Make Your Story Stronger Using Cause and Effect

Think of dominoes lined up on a table where you tap one domino and it pushes over the next domino until they all fall down. That’s how every scene in your story should work. The cause of one scene creates an effect in another scene.

For example, think of the opening scene in “Star Wars” where Darth Vader attacks Princess Leia’s starship (cause). As a result of this attack, Princess Leia hides the Death Star plans inside of R2D2 where he escapes from the starship in a pod that crashes on Luke’s planet.

R2D2 wanders away from the escape pod and gets caught by sand people, who then sell droids to Luke’s uncle. Because every scene relies on an earlier scene, the collection of scenes tells a tightly focused story.

Now look at any mediocre movie such as “The Flash” and you’ll see this cause and effect relationship completely ignored. In an early scene in “The Flash,” the Flash rushes to save falling babies who have tumbled out of a collapsing hospital. Yet the collapse of this hospital and the rescue of these babies serves no purpose to any other scene in the entire story.

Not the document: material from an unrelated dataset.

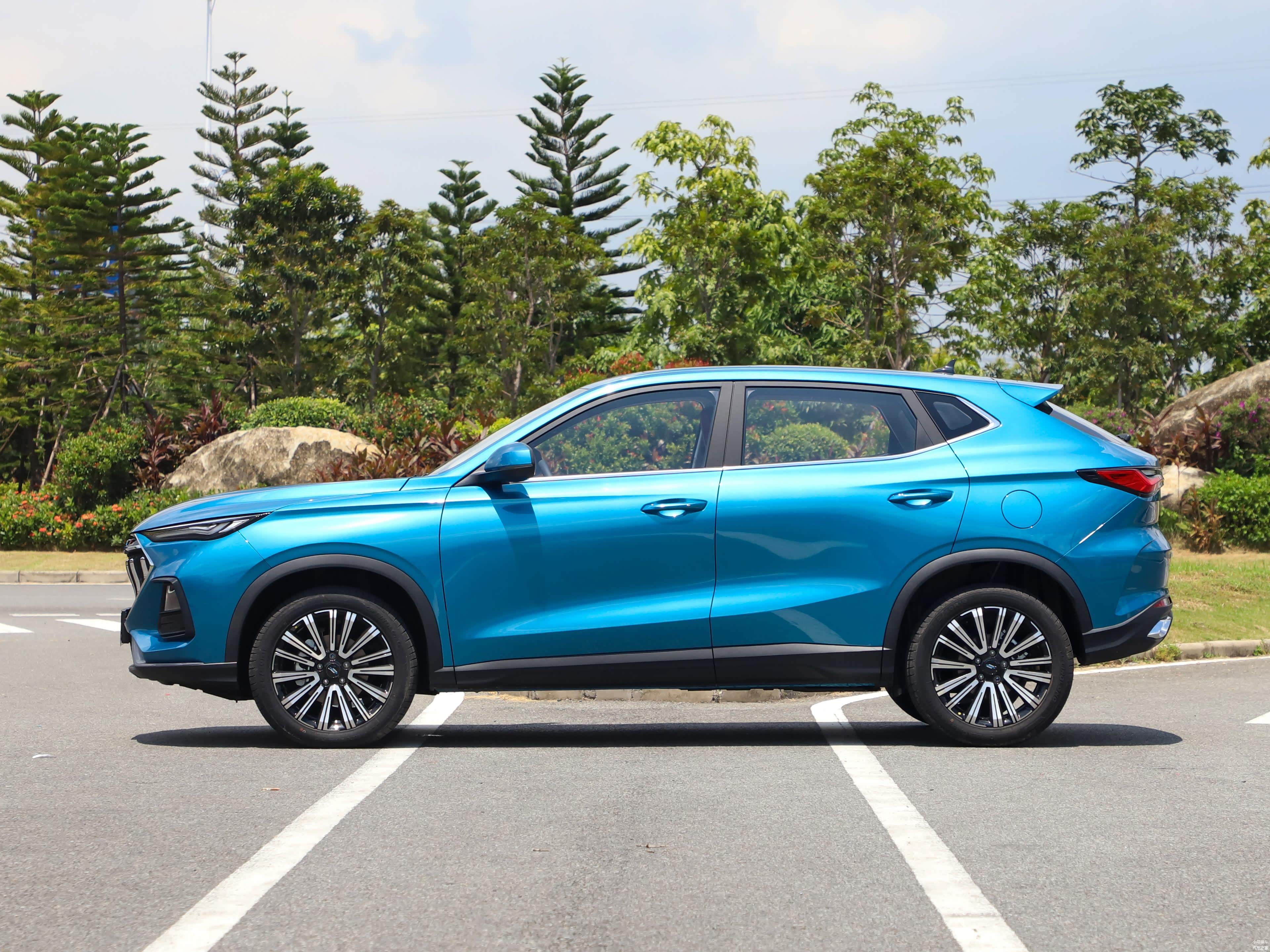 侧面造型方面,车顶略带一点弧度,搭配鲨鱼鳍有效增加了运动气息;腰线采用了分段式设计,点缀出了车身侧面的层次感;轮眉和侧裙部分配备有黑色饰板,带来了一定的力量感;轮毂采用了多辐式造型,带来了比较强的档次感。

Cut this entire falling baby scene at a collapsing hospital and the entire story doesn’t suffer one bit. That’s because this falling baby scene is completely separate from the rest of the story. That’s a huge clue that this scene is completely useless and should never have been filmed, let alone written.

The conclusion of one scene should directly affect the actions in another scene. This cause and effect relationship is the key to telling a focused story.

Another example of a movie that fails to understand this crucial cause and effect relationship between scenes is “Mortal Engines.” An opening scene shows cities on wheels where larger cities hunt down and devour smaller towns for their resources.

When the city of London finds and attacks a smaller town, it’s an interesting scene but has no effect on the rest of the story. Just creating a visually exciting scene is never enough. Every scene must be linked to another scene in some way or else that scene has no reason to exist.